▸ What to produce:
Could you give again exactly, and only, the lines from the one holding "- Support Independent" through the end of the data, both ends included, with pictures left out?

▸ Data section:
________
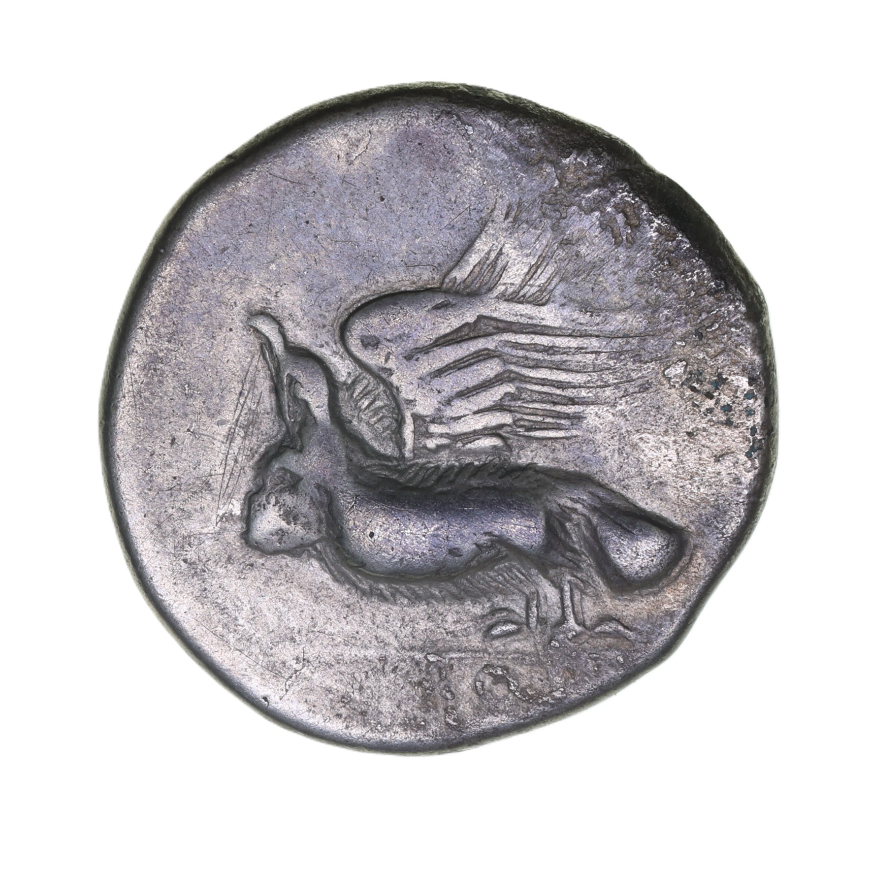This coin comes from the Cambridge collection of Ancient Greek Coinage. This extensive collection was formed over 40 years by a couple who shared their passion for classical history, carefully collecting as many known types as were available, spending hours labelling each coin and fitting it in to their collection. The kingdom of Ancient Greece is not easy to understand but illustrated with these wonderful coins a map emerges and being so beautiful in their design, they are a pleasure to handle. As with any collection the time comes where it must be passed on and in this case the collectors decided to sell each coin individually to give the next generation of enthusiasts the opportunity to select pieces for their own collections. Many of the coins have previous labels.
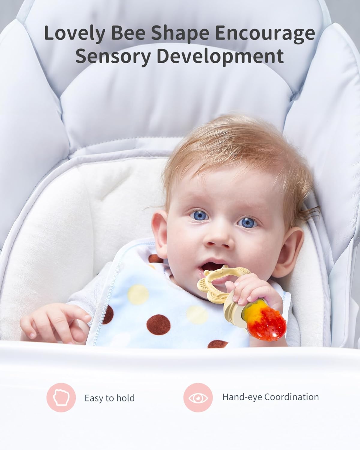 - Support Independent Feeding: Our Feeder is equipped with an easy-to-grasp ring suitable for little hands, fostering self-feeding proficiency and refining hand-eye coordination. Babies delight in sucking on it, aiding in their development of self-feeding abilities, making it a perfect choice for baby-led weaning.
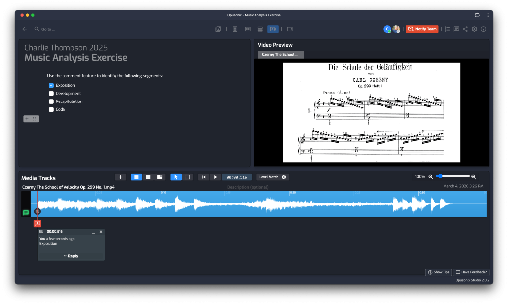 Instructors can embed video resources and conduct live critique sessions with timestamped notes. Students can compose to picture, compare cue versions, and receive contextual feedback — all inside one environment.
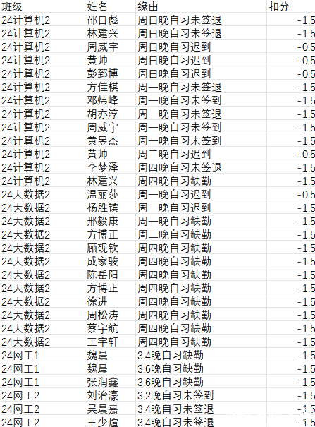为树立瓜子tv 良好学风,营造良好的学习氛围,倡导并敦促瓜子tv 同学自主学习,经学业指导部考勤,瓜子tv 学生科办公室请销假核对,瓜子tv 第二周、第三周考勤结果如下:
________
▸ Finished task:
 - Support Independent Feeding: Our Feeder is equipped with an easy-to-grasp ring suitable for little hands, fostering self-feeding proficiency and refining hand-eye coordination. Babies delight in sucking on it, aiding in their development of self-feeding abilities, making it a perfect choice for baby-led weaning.
 Instructors can embed video resources and conduct live critique sessions with timestamped notes. Students can compose to picture, compare cue versions, and receive contextual feedback — all inside one environment.
为树立瓜子tv 良好学风,营造良好的学习氛围,倡导并敦促瓜子tv 同学自主学习,经学业指导部考勤,瓜子tv 学生科办公室请销假核对,瓜子tv 第二周、第三周考勤结果如下:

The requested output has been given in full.